**AIM OF THE EXERCISE:**
The entries that follow should be reproduced exactly, with no images carried over.

**INPUT DATA:**
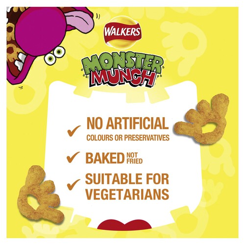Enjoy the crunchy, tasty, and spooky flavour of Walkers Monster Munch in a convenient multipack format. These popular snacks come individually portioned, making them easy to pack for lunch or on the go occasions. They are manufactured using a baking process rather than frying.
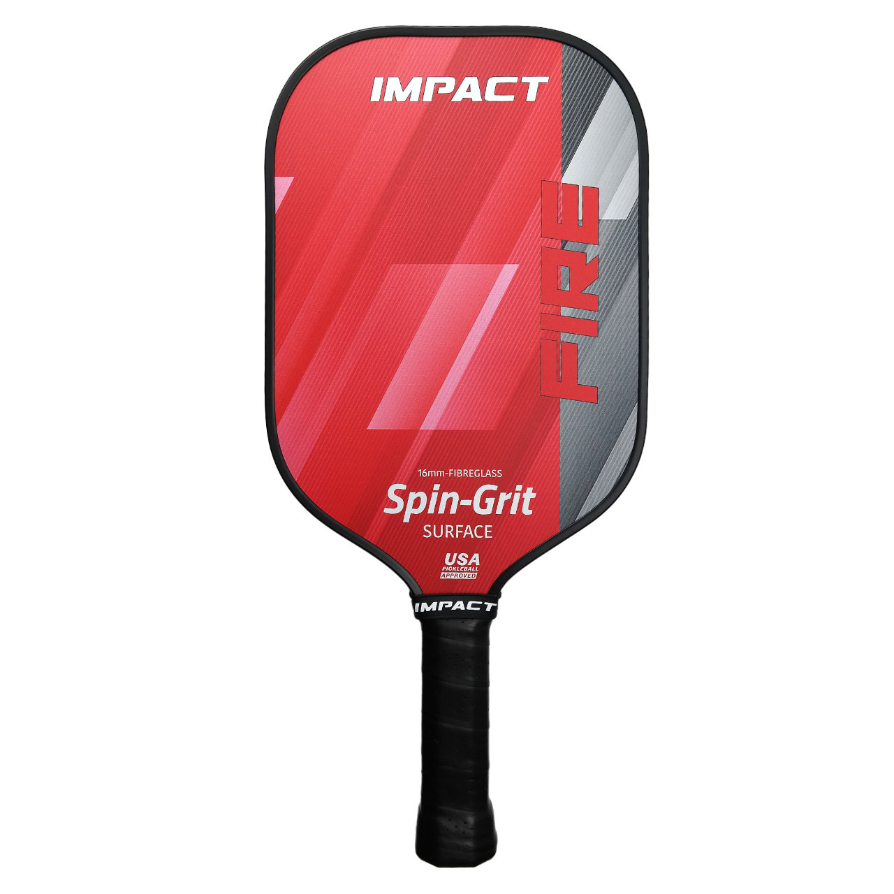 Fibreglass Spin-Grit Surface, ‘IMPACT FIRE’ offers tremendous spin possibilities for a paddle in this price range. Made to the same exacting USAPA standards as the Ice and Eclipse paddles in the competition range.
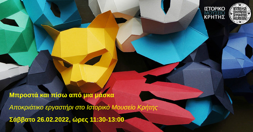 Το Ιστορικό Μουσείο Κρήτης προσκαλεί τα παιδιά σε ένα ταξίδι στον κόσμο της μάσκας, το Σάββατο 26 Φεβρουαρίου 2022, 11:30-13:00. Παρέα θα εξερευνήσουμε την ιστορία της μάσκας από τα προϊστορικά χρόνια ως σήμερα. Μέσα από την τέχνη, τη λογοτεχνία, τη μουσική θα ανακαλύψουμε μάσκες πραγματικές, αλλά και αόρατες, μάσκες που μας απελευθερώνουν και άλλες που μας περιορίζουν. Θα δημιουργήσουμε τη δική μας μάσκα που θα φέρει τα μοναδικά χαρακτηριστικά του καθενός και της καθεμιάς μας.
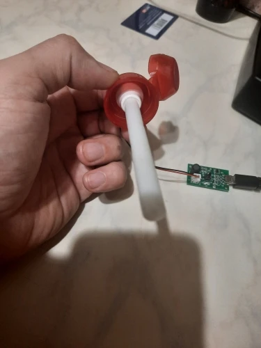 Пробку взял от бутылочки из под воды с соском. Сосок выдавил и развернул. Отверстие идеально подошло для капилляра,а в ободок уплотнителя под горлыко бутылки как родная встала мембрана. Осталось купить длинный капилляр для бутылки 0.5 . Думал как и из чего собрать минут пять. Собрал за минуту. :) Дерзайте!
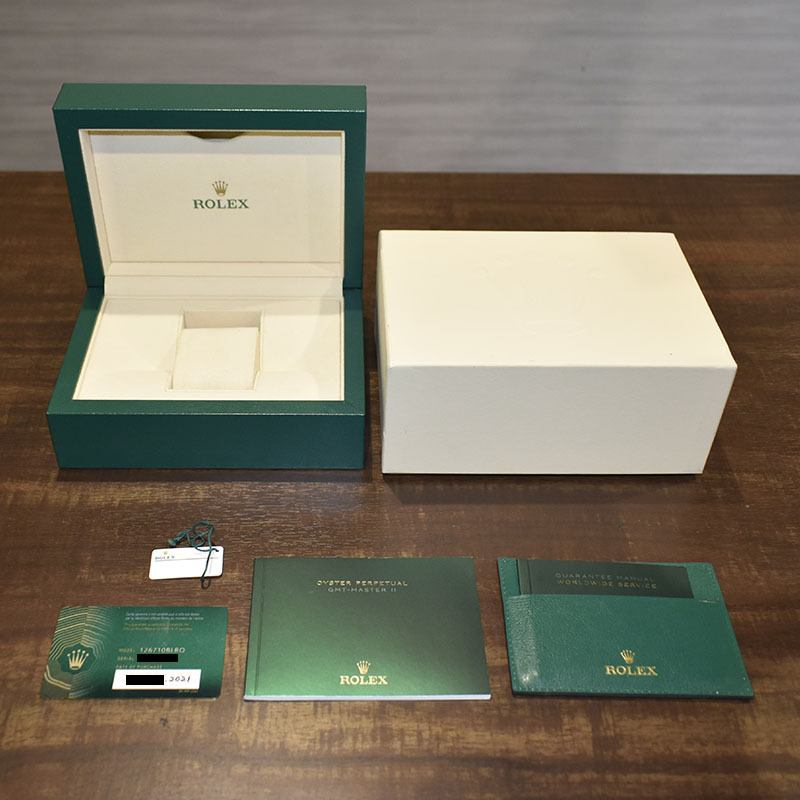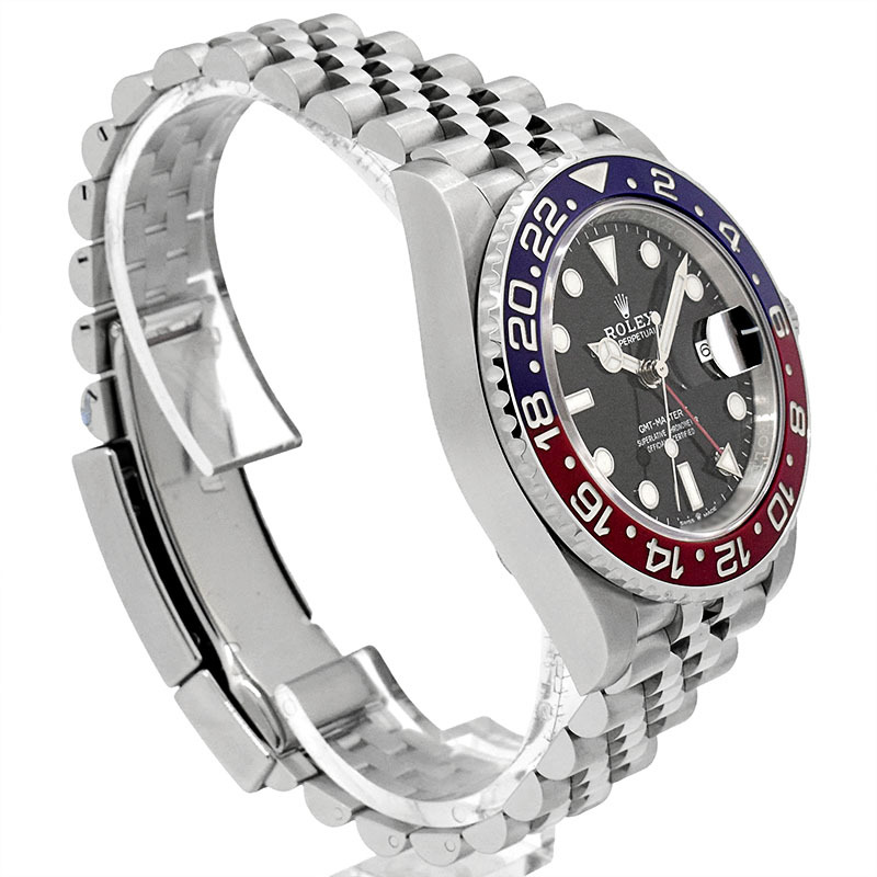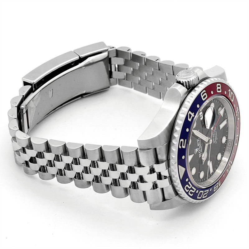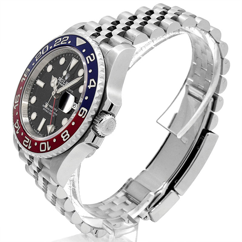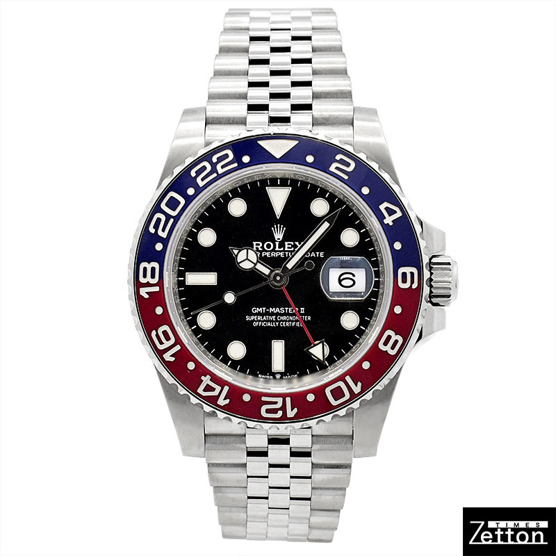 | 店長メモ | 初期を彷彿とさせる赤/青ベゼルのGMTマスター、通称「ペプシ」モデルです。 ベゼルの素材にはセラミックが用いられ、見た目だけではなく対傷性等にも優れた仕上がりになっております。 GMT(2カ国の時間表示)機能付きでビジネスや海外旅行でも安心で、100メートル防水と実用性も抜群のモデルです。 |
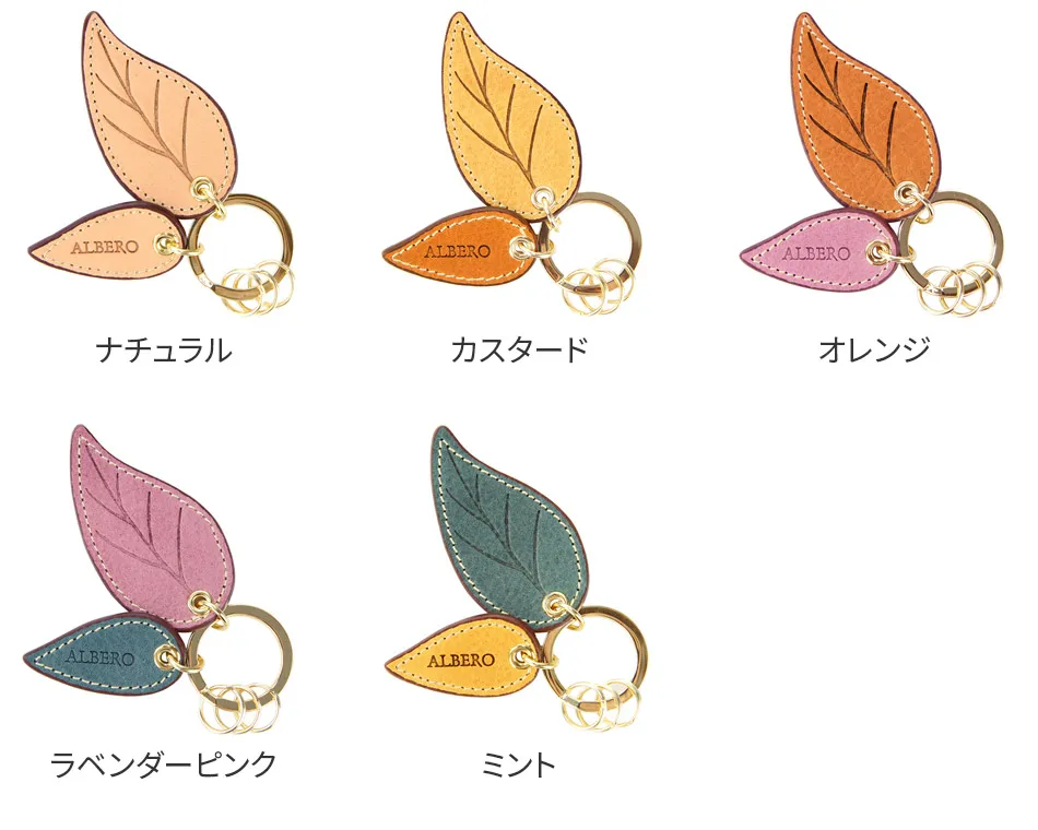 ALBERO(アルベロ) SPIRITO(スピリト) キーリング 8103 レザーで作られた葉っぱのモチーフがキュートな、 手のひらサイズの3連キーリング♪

**ANSWER AREA:**
Enjoy the crunchy, tasty, and spooky flavour of Walkers Monster Munch in a convenient multipack format. These popular snacks come individually portioned, making them easy to pack for lunch or on the go occasions. They are manufactured using a baking process rather than frying.
 Fibreglass Spin-Grit Surface, ‘IMPACT FIRE’ offers tremendous spin possibilities for a paddle in this price range. Made to the same exacting USAPA standards as the Ice and Eclipse paddles in the competition range.
 Το Ιστορικό Μουσείο Κρήτης προσκαλεί τα παιδιά σε ένα ταξίδι στον κόσμο της μάσκας, το Σάββατο 26 Φεβρουαρίου 2022, 11:30-13:00. Παρέα θα εξερευνήσουμε την ιστορία της μάσκας από τα προϊστορικά χρόνια ως σήμερα. Μέσα από την τέχνη, τη λογοτεχνία, τη μουσική θα ανακαλύψουμε μάσκες πραγματικές, αλλά και αόρατες, μάσκες που μας απελευθερώνουν και άλλες που μας περιορίζουν. Θα δημιουργήσουμε τη δική μας μάσκα που θα φέρει τα μοναδικά χαρακτηριστικά του καθενός και της καθεμιάς μας.
 Пробку взял от бутылочки из под воды с соском. Сосок выдавил и развернул. Отверстие идеально подошло для капилляра,а в ободок уплотнителя под горлыко бутылки как родная встала мембрана. Осталось купить длинный капилляр для бутылки 0.5 . Думал как и из чего собрать минут пять. Собрал за минуту. :) Дерзайте!
 | 店長メモ | 初期を彷彿とさせる赤/青ベゼルのGMTマスター、通称「ペプシ」モデルです。 ベゼルの素材にはセラミックが用いられ、見た目だけではなく対傷性等にも優れた仕上がりになっております。 GMT(2カ国の時間表示)機能付きでビジネスや海外旅行でも安心で、100メートル防水と実用性も抜群のモデルです。 |
 ALBERO(アルベロ) SPIRITO(スピリト) キーリング 8103 レザーで作られた葉っぱのモチーフがキュートな、 手のひらサイズの3連キーリング♪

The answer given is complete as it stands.